Greenberg, a former marketing executive for the Fox network, says that 10 years ago something like the "Best Damn Sports Show" wouldn't have worked.
"Tonally, it might have been too avant garde," he says.
But in the decade since, shows like "Fox NFL Sunday" and media personalities like Howard Stern "and all the other guy stuff that's floating around out there - it's all advanced the ball so you can now do a show like ours," Greenberg says.
And it's about time, says Greg Gutfeld.
Gutfeld is the editor of Stuff, Maxim's kid (frat) brother publication that also targets young adult males.
He says there hasn't actually been much of a cultural shift; it's just that the media world has finally figured out what makes guys tick.
"Guys haven't changed at all; the only thing that's changed is that people figured out you communicate with guys by using humor," Gutfeld says. "It's always been in TV shows, like 'Cheers.' But for whatever reason, it was supposedly off limits in other areas, like men's magazines and commercials."

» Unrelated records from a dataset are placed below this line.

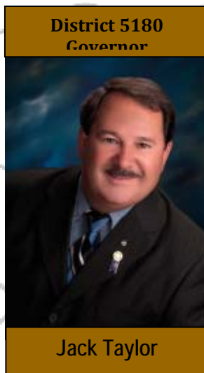
District 5180 Governor
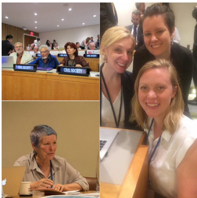
WILPF members and staff participate in the negotiations of the Treaty on the Prohibition of Nuclear Weapons at the United Nations in New York.
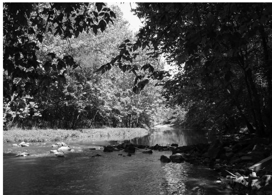
View of Caesar Creek from the small spur trail

Take 21 steps down to the platform and look to the left at the gorge area. After 12 more steps, the trail becomes a mulched path. At 0.74 miles, you'll encounter another series of steep steps and a boardwalk. The gorge and stream are to the left.

But now, Stuff, Maxim, For Him Magazine and the like have become publishing success stories "because they talk to guys in a language they understand. But it's not frat language. That whole frat-boy mentality thing is the shorthand the media uses to address the phenomenon. But we're smarter than that. Stuff's humor is more ironic and intelligent - more 'Simpsons' than 'Animal House.' "
Of course, the scantily clad women who fill the magazines and beer ads and jump on Kimmel's trampoline are more "Animal House" than "Simpsons."

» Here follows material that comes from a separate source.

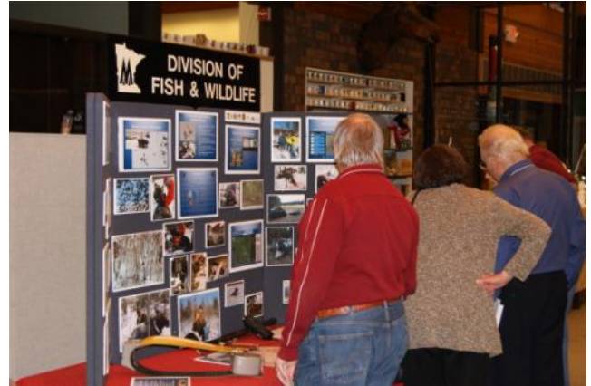
Both the kids and the adults showed plenty of interest in the DNR exhibit at the Open House.
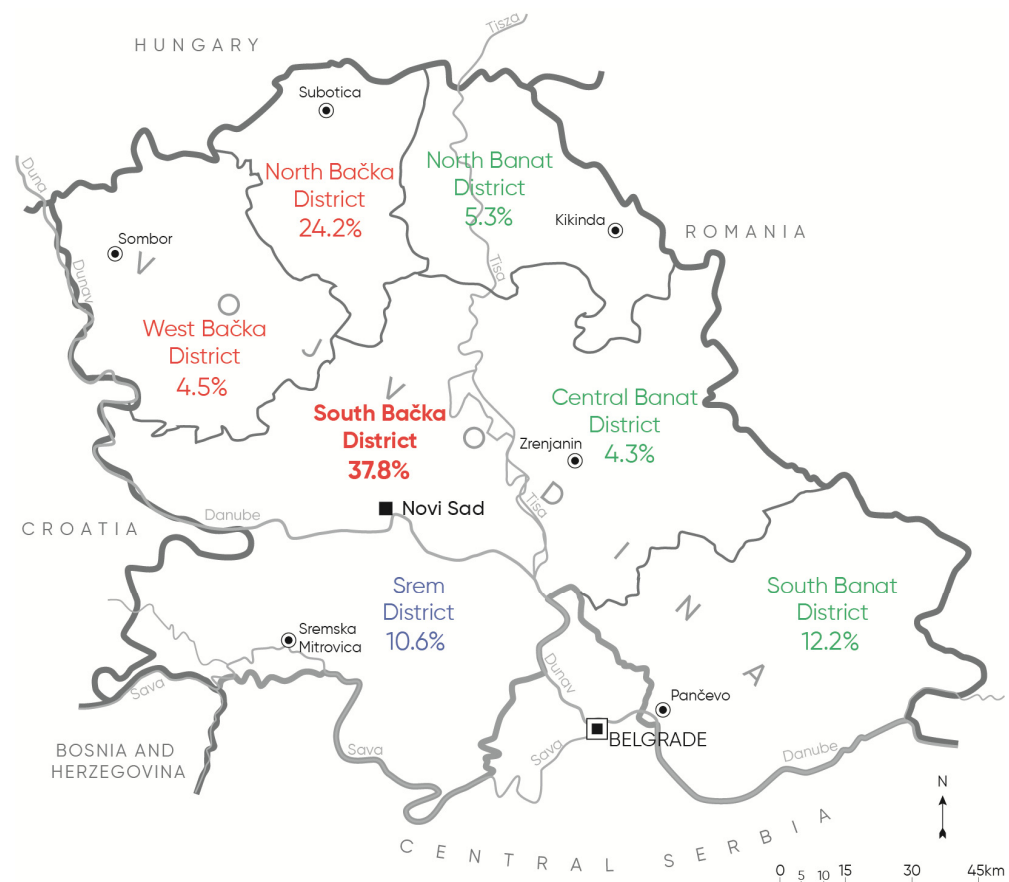
Figure 2. The area with the largest potential for attracting tourists motivated by gastronomical heritage (Author: Đerčan, 2023).

Then again, that's not the story, says Christopher Napolitano, a senior editor at Playboy.
Instead, a story about the arrival of the Frat Boy Nation should start with - female empowerment.
"It's just the male reaction to it," Napolitano says. "But it's not in opposition to how women are feeling; it's more of a release - sort of like a steam valve."
"These shows and products that are geared exclusively to men - they're like a chance to head out to a bar and know that nobody's going to eavesdrop, so guys can get jerky and silly and adolescent and have a big laugh."
But really, he says, it's harmless.
After all, the Sensitive New Age Guy hasn't really disappeared - even if Alan Alda has fallen off the radar lately.
"Guys are still very new agey and sensitive - especially compared to our Cro-Magnon fathers," Napolitano says. "In their personal dealings and in their approach with women, men know they have to listen now. ... That whole macho thing is just gone. That's the reality, and guys get that.
"But there's still this little fantasy world where we can get together and be stupid and have a wild night and just be guys."